### Activity
Take the listing below and print exactly the lines starting at the line containing "The walls are surprisingly" and ending at the line containing "BC99 reduced liver", both ends included, and no others.

### Dataset records
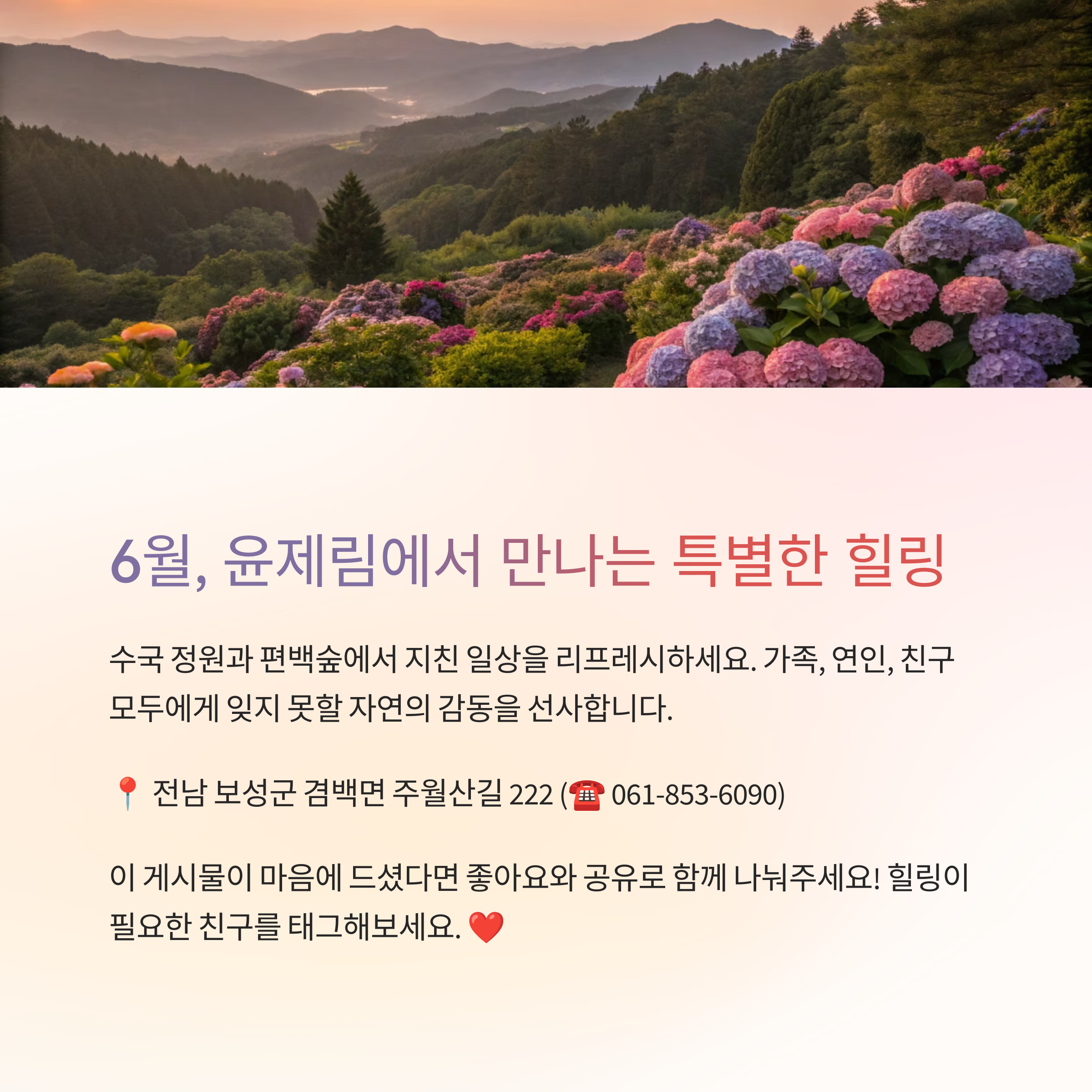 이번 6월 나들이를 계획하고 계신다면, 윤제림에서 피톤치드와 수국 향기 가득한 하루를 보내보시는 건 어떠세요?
* * *
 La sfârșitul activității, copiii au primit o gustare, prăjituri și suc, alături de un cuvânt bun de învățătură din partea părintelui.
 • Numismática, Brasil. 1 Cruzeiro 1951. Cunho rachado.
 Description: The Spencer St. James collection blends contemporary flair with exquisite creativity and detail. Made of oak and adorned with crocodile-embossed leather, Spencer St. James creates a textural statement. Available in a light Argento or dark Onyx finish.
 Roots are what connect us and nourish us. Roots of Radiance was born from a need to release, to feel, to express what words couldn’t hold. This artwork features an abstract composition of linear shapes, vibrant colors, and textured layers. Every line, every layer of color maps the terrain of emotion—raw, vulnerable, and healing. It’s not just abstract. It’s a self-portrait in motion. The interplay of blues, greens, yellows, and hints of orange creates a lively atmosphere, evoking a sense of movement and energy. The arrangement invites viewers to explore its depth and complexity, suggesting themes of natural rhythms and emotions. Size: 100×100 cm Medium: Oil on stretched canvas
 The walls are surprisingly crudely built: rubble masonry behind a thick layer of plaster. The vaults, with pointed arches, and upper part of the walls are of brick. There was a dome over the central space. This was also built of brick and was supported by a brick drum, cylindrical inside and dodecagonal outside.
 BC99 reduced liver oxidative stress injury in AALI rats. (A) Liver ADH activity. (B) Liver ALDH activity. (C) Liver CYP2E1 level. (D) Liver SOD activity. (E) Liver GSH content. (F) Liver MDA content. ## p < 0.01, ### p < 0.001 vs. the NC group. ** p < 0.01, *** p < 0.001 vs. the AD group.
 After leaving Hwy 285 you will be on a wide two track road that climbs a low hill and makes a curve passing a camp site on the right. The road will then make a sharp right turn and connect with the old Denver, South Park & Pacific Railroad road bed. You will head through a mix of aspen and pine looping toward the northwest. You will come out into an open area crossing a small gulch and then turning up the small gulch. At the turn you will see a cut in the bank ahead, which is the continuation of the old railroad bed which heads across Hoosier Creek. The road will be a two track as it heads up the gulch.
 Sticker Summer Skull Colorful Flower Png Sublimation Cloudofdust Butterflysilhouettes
==
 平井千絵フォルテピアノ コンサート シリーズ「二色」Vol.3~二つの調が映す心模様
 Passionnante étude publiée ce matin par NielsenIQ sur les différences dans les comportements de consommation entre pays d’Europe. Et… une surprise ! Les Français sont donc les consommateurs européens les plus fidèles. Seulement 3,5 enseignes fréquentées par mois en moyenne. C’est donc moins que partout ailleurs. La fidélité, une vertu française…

### Result for this task
 The walls are surprisingly crudely built: rubble masonry behind a thick layer of plaster. The vaults, with pointed arches, and upper part of the walls are of brick. There was a dome over the central space. This was also built of brick and was supported by a brick drum, cylindrical inside and dodecagonal outside.
 BC99 reduced liver oxidative stress injury in AALI rats. (A) Liver ADH activity. (B) Liver ALDH activity. (C) Liver CYP2E1 level. (D) Liver SOD activity. (E) Liver GSH content. (F) Liver MDA content. ## p < 0.01, ### p < 0.001 vs. the NC group. ** p < 0.01, *** p < 0.001 vs. the AD group.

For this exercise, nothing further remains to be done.